Data for analysis -
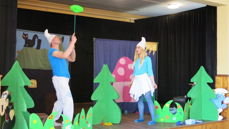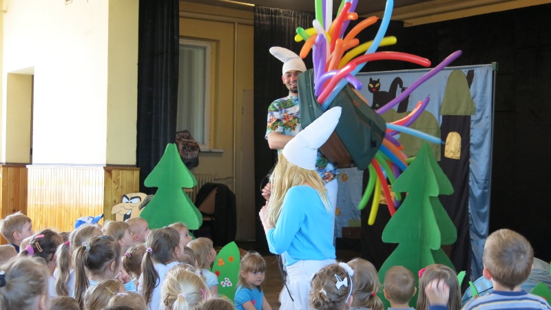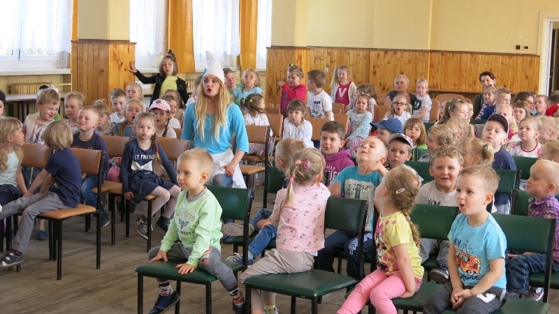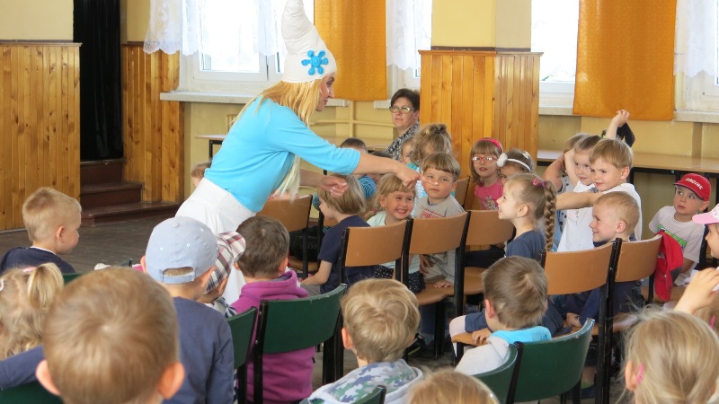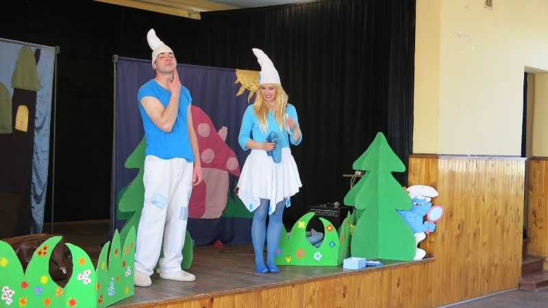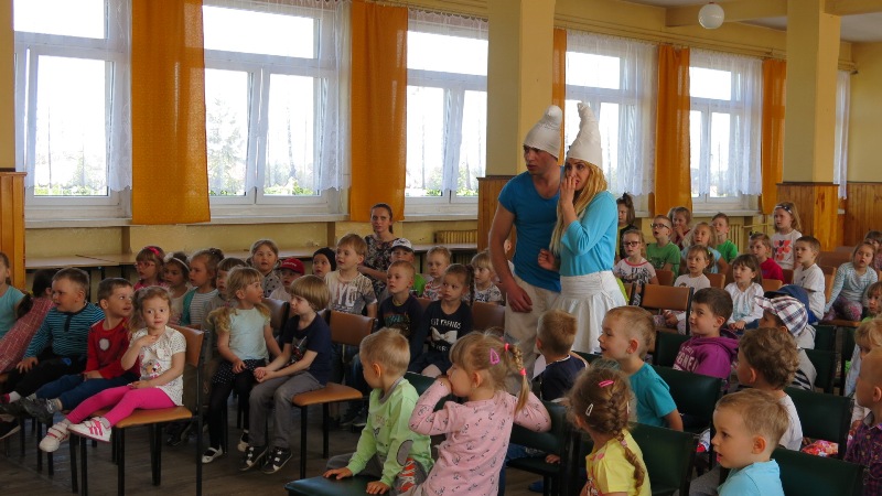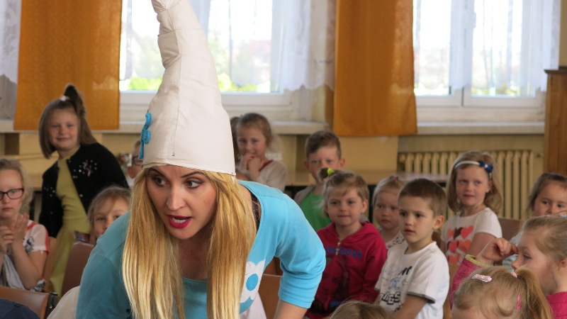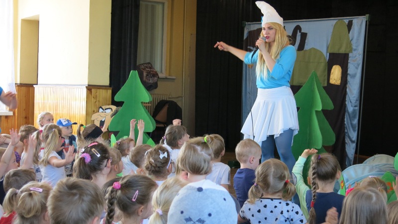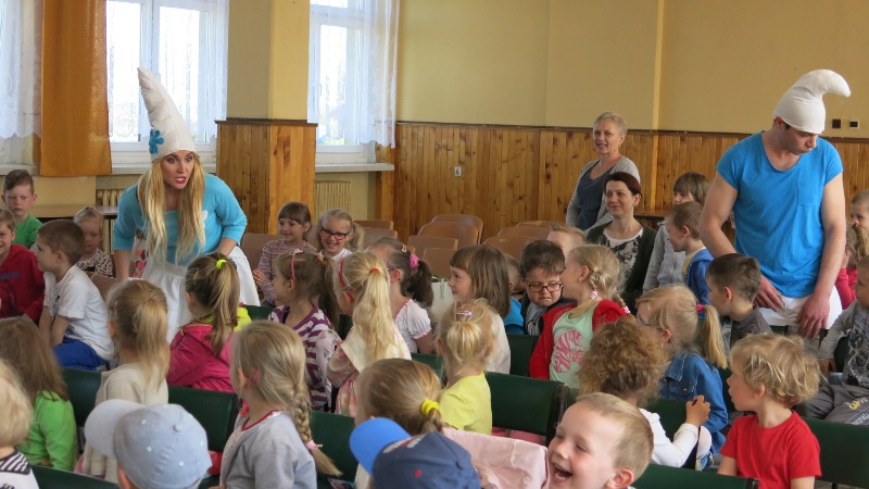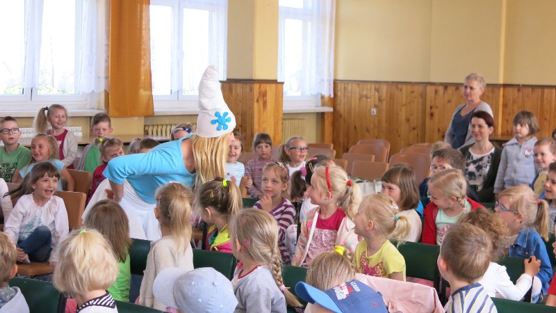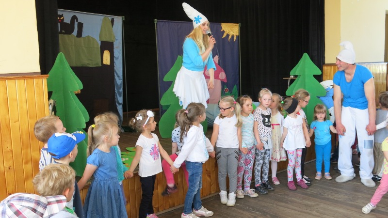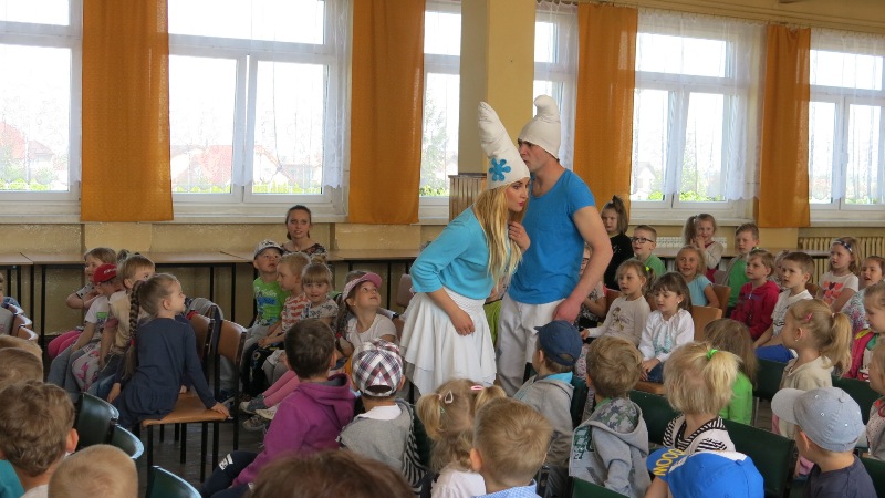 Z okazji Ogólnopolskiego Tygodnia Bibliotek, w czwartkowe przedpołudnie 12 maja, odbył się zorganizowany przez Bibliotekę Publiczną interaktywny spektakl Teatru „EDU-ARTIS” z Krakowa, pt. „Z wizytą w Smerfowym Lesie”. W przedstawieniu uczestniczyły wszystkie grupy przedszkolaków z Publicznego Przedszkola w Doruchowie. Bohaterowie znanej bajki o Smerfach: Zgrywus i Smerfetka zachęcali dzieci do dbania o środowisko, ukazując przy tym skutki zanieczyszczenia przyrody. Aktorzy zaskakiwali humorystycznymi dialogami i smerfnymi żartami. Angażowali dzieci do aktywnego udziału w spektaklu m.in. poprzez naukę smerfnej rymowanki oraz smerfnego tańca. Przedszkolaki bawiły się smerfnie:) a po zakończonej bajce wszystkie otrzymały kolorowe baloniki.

==

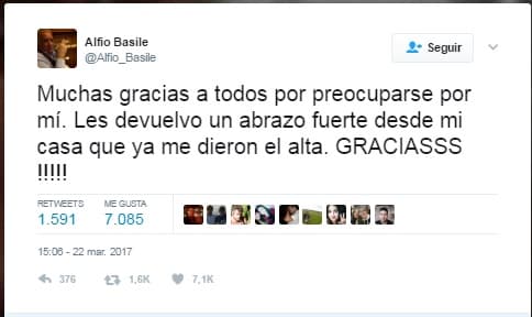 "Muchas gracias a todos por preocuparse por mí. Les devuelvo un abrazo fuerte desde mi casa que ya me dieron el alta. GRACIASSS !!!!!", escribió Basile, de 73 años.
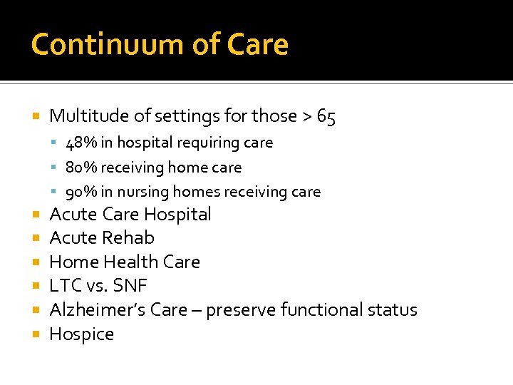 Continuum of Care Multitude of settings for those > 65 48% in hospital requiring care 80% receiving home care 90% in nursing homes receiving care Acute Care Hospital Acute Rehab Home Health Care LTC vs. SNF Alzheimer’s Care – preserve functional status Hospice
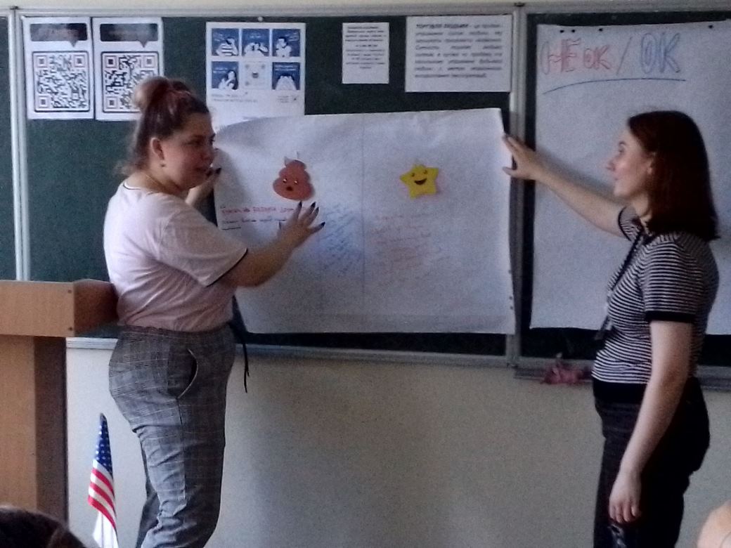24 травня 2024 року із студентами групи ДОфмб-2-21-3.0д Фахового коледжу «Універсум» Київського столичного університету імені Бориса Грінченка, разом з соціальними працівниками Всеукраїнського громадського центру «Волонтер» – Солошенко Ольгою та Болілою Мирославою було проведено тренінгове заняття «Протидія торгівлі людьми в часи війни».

* * *

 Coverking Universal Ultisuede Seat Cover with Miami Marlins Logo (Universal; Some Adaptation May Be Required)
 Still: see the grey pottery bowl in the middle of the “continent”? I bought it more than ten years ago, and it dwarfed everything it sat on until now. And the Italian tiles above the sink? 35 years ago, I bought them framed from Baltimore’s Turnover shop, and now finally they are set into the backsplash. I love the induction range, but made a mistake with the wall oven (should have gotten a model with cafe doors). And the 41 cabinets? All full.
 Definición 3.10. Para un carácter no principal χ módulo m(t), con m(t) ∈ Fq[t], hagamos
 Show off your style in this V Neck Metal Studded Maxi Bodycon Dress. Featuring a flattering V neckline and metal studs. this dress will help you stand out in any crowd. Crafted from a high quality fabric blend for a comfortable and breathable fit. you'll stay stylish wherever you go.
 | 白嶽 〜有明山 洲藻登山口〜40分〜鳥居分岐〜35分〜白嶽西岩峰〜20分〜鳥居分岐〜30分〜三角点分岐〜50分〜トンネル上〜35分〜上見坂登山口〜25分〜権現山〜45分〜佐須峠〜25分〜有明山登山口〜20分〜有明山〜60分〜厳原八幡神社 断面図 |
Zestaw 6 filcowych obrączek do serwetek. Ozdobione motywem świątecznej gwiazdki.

Exercise description -
The reply should consist solely of the lines above from the one that has "Definición 3.10. Para" through the one that has "Show off your", reproduced exactly.

Exercise result -
 Definición 3.10. Para un carácter no principal χ módulo m(t), con m(t) ∈ Fq[t], hagamos
 Show off your style in this V Neck Metal Studded Maxi Bodycon Dress. Featuring a flattering V neckline and metal studs. this dress will help you stand out in any crowd. Crafted from a high quality fabric blend for a comfortable and breathable fit. you'll stay stylish wherever you go.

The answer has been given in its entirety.